The student who called me told me that he saw the poster in his yeshivah. At the top it says, in Hebrew, “The Arab enemy is within Jerusalem!” Next Sunday, it says, at the end of the week of mourning for the students killed in the attack at Merkaz Harav, “We will get up and act” by marching to the house of the terrorist in the East Jerusalem neighborhood of Jabel Mukaber and demolishing it.
The particular phrase for “to act” – la’asot ma’aseh – is one consistently used by the far right for privatizing violence: The state has refrained from punishing Arabs qua Arabs, as a group, a faceless mass, so let us do it. The words carry a hint, a lynch mob murmur, of ma’aseh Pinhas – an allusion to the original angry young man, the first fanatic, Pinhas, in the book of Numbers. At the bottom of the poster are words from the Book of Esther, “To the contrary, the Jews dominated those who hated them.”
Esther is read on the holiday of Purim, which falls a few days after the planned march. The poster is a call to celebrate the holiday early with a march of angry young men into an Arab neighborhood – with a pogrom. To emulate the Jews who defended themselves from hate-enraged mobs in ancient Persia, Jews will become a hate-enraged mob in the sacred city.
It would be simplest for me to say that this is a modern aberration, a twisting of Judaism with no precedent. That’s half-wrong, though: It is indeed a grotesque distortion of Judaism, but it has historical roots.
As historian Elliot Horowitz has written in his pioneering work Reckless Rites: Purim and the Legacy of Jewish Violence, Purim has a long history as the holiday of despising Gentiles. The villain of the holiday, Haman, is described as a descendant of Agag, king of the tribe of Amalek, which embodied hatred for its own sake. In medieval Jewish tradition Amalek was equated with Christianity. For centuries, mocking Christianity was part of celebrating Purim.
(Horowitz, I should note, is an Orthodox Jew who teaches at Bar-Ilan University.
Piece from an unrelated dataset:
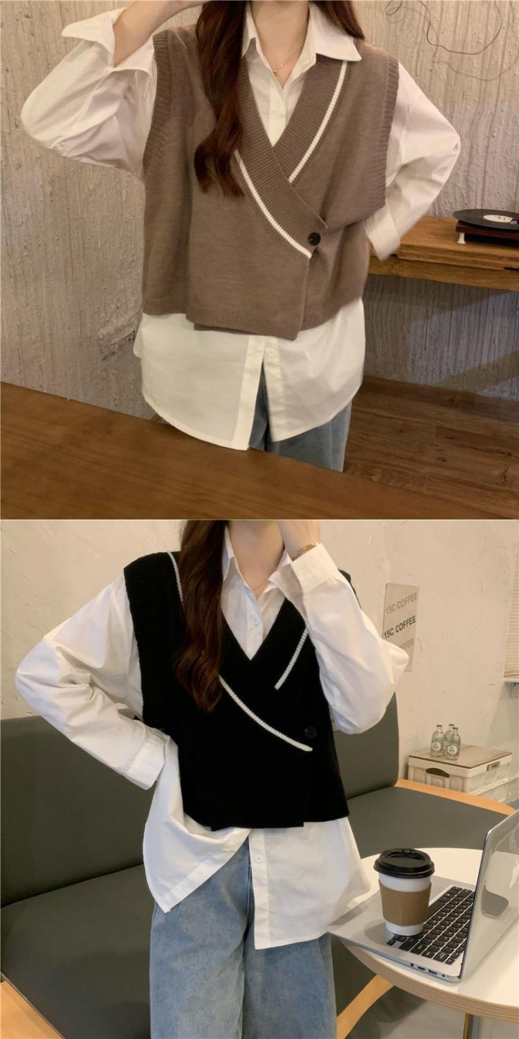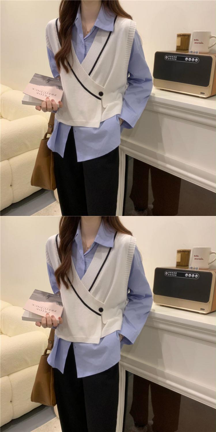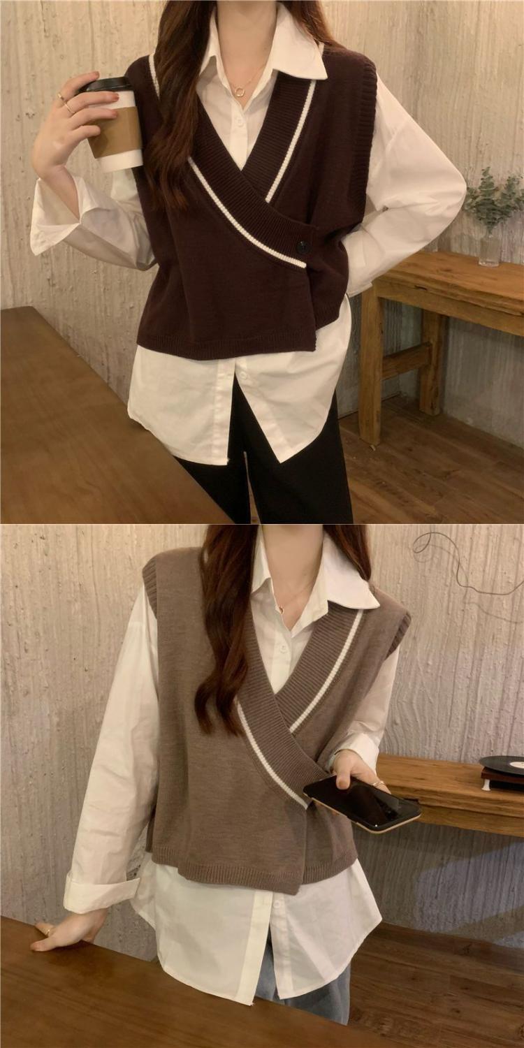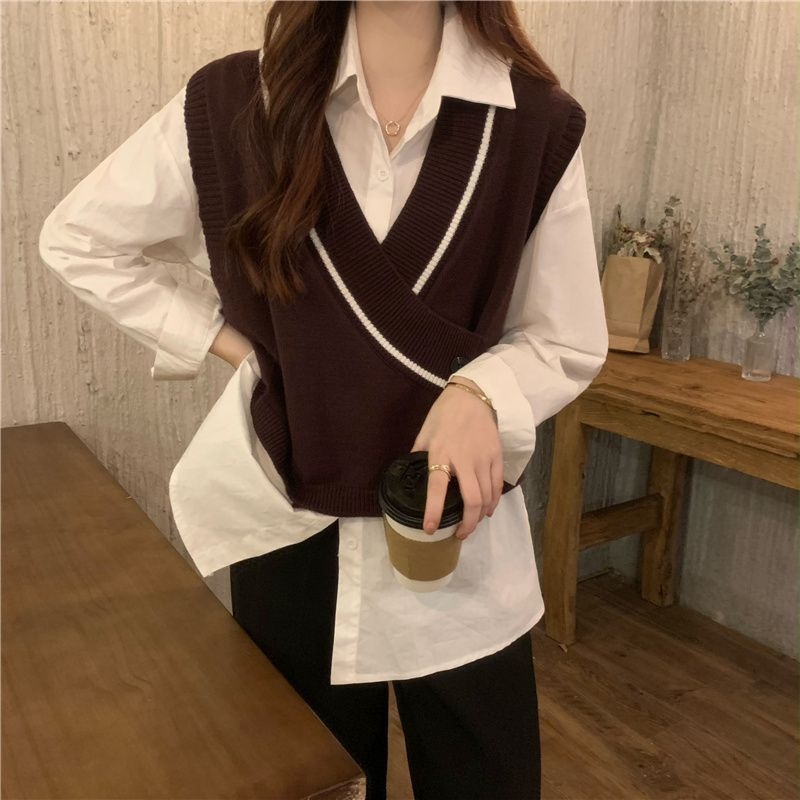 复古坎肩针织马甲女秋季2022新款叠穿无袖外搭V领短款背心毛衣ins

He once explained to me that researching Jewish history without fear of what he would find expressed his Zionism: “Zionism mean being ‘a free people in our land'” — free to search for the truth, rather than writing history as a defense brief).
In recent years in Israel, the radical right has recast Arabs as the mythical enemy Amalek. But now Jews have guns, and real violence can replace symbolism. The massacre at the Tomb of the Patriarchs in Hebron 14 years ago took place on Purim. This was not coincidence.
So a purely academic telling of the Jewish past would say that Judaism, like every religion, has its potential for sanctified violence. Sacred texts can be read every which way. Judaism can produce an Abraham Joshua Heschel, marching arm and arm with Martin Luther King to Selma, saying afterward that “our legs were praying.” And it can produce Meir Kahane, a frothing racist who cited scripture and inspired the murderer of Hebron.
But to continue what Haim has written, there’s more to history than fact. There’s also the moral choice of what narrative to tell. Telling the bare facts alone can lead to moral relativism: Judaism has all these possibilities, all these traditions, and different Jews emphasize different ones.
To which one must answer: Some options for interpreting tradition are right and some are wrong. Some ways of learning from history contain truth, and some are lies. Heschel spoke for Torah. Kahane spoke the photo negative of Judaism, black turned white, white turned black. When Jews are too meek to insist that every human being is created in God’s image, then humility becomes cowardice, and
We have turned morality into something relative, a matter of taste. “Everyone has their own opinion” has become a common slogan, even if the opinion under discussion is clearly immoral, even when people advocate racism and violence, presenting them as belonging to the Torah. We have erased the commandment surely rebuke your fellow and say instead let each man do what is right in his own eyes.
That’s from an essay (Hebrew original here) that my son Yehonatan published two months ago. (There is no joy like learning Torah from one’s children.)
Elliot Horowitz would agree that the historical precedent of Purim violence is something to overcome. This morning he sent me a short riff on the subject, which I hope will be up soon on the Net. (Update: The link is here.) He quoted the dean of Merkaz Harav, who made the dangerously inflammatory statement that “the murderers are the Amalek of our day.” If there is any metaphorical sense in which that’s true, Horowitz says, then the Jewish murderer of Hebron was also Amalek.
Which means that his example is the negation of Torah. And a march of vengeance to Jebal Mukaber is a desecration of all that is holy.